Aim of the exercise → Your task is to gather the lines below that hold the string "الفنانين".

_ _ _

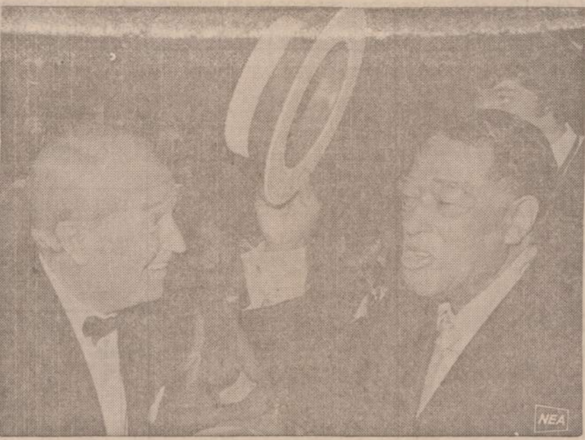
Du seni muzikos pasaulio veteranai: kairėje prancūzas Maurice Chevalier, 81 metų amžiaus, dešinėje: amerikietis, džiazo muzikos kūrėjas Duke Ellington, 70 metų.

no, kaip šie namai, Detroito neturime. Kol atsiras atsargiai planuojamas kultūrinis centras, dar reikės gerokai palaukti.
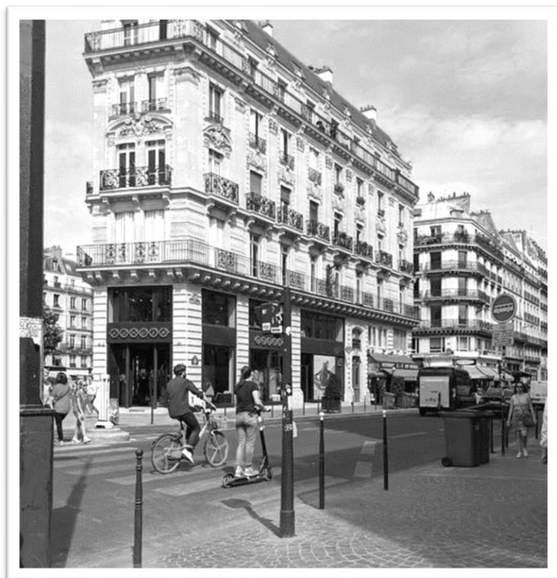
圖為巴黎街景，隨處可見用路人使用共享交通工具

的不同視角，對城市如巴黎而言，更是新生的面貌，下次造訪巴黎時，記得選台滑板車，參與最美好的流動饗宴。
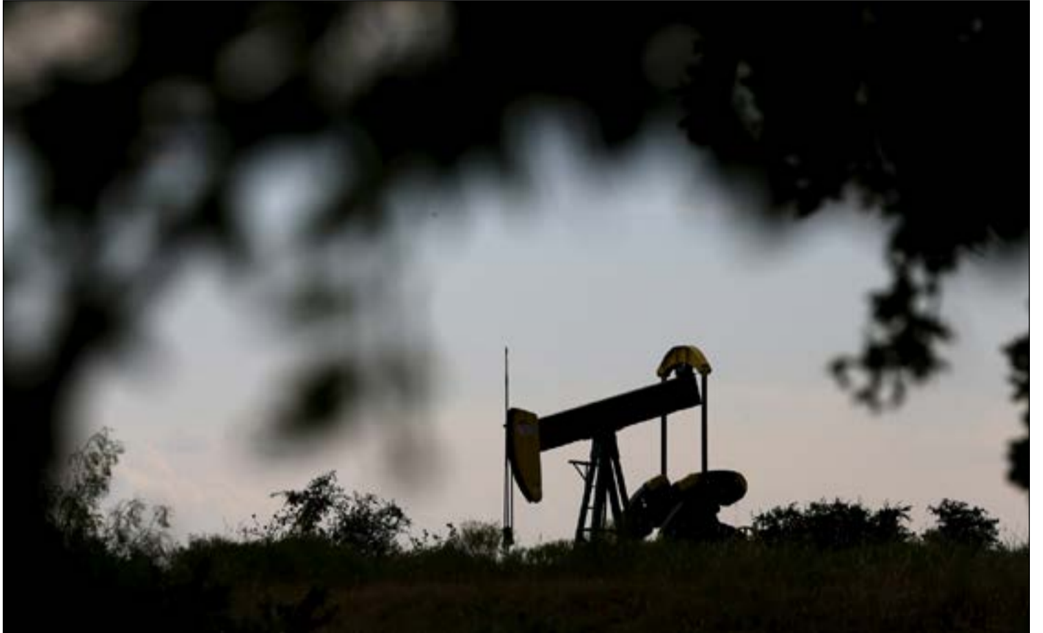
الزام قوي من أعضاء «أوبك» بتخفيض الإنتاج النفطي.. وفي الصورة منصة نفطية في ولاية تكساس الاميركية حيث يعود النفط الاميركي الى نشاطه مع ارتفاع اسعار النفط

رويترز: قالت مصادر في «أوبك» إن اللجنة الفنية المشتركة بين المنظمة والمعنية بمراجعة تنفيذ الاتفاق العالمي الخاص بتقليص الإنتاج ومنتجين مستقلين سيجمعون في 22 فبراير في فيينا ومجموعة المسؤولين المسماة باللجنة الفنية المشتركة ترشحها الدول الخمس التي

_ _ _

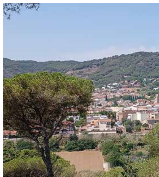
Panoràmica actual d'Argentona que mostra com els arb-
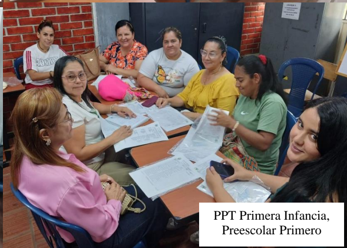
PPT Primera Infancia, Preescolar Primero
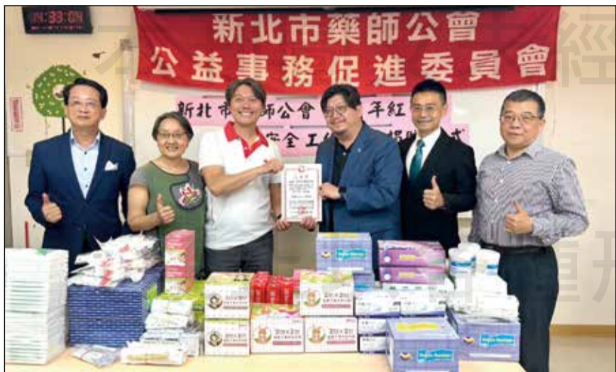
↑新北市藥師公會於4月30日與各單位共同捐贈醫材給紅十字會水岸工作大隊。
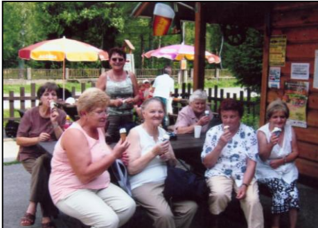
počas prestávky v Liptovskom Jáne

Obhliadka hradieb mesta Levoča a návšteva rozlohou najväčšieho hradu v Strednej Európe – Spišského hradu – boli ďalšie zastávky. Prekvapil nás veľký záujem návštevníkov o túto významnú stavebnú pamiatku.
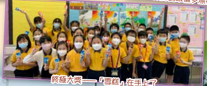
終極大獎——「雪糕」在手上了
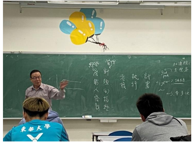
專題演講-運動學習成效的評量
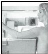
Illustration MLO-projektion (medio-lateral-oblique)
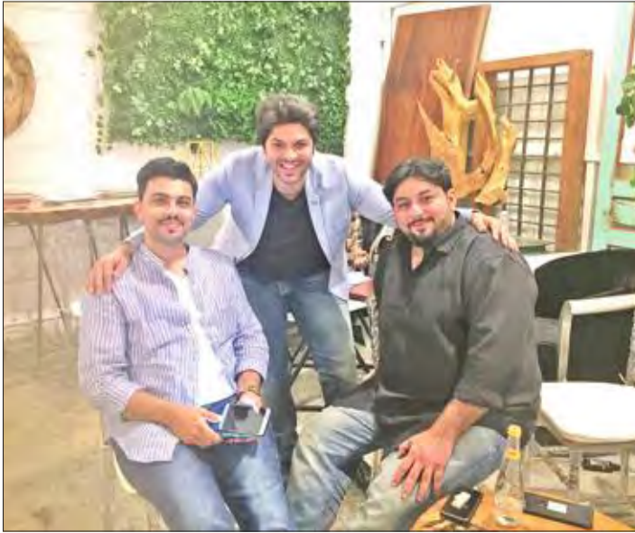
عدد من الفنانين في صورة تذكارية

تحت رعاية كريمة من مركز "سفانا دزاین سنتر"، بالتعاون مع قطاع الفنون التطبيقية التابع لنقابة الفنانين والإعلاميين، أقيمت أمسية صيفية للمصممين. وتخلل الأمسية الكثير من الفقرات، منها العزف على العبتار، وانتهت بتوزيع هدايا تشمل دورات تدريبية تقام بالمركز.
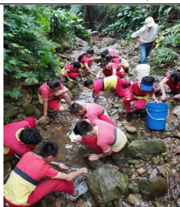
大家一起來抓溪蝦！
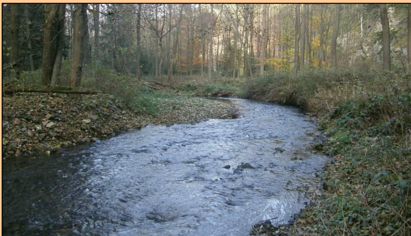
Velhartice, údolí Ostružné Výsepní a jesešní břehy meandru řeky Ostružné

_ _ _

Problem solution →
عدد من الفنانين في صورة تذكارية
تحت رعاية كريمة من مركز "سفانا دزاین سنتر"، بالتعاون مع قطاع الفنون التطبيقية التابع لنقابة الفنانين والإعلاميين، أقيمت أمسية صيفية للمصممين. وتخلل الأمسية الكثير من الفقرات، منها العزف على العبتار، وانتهت بتوزيع هدايا تشمل دورات تدريبية تقام بالمركز.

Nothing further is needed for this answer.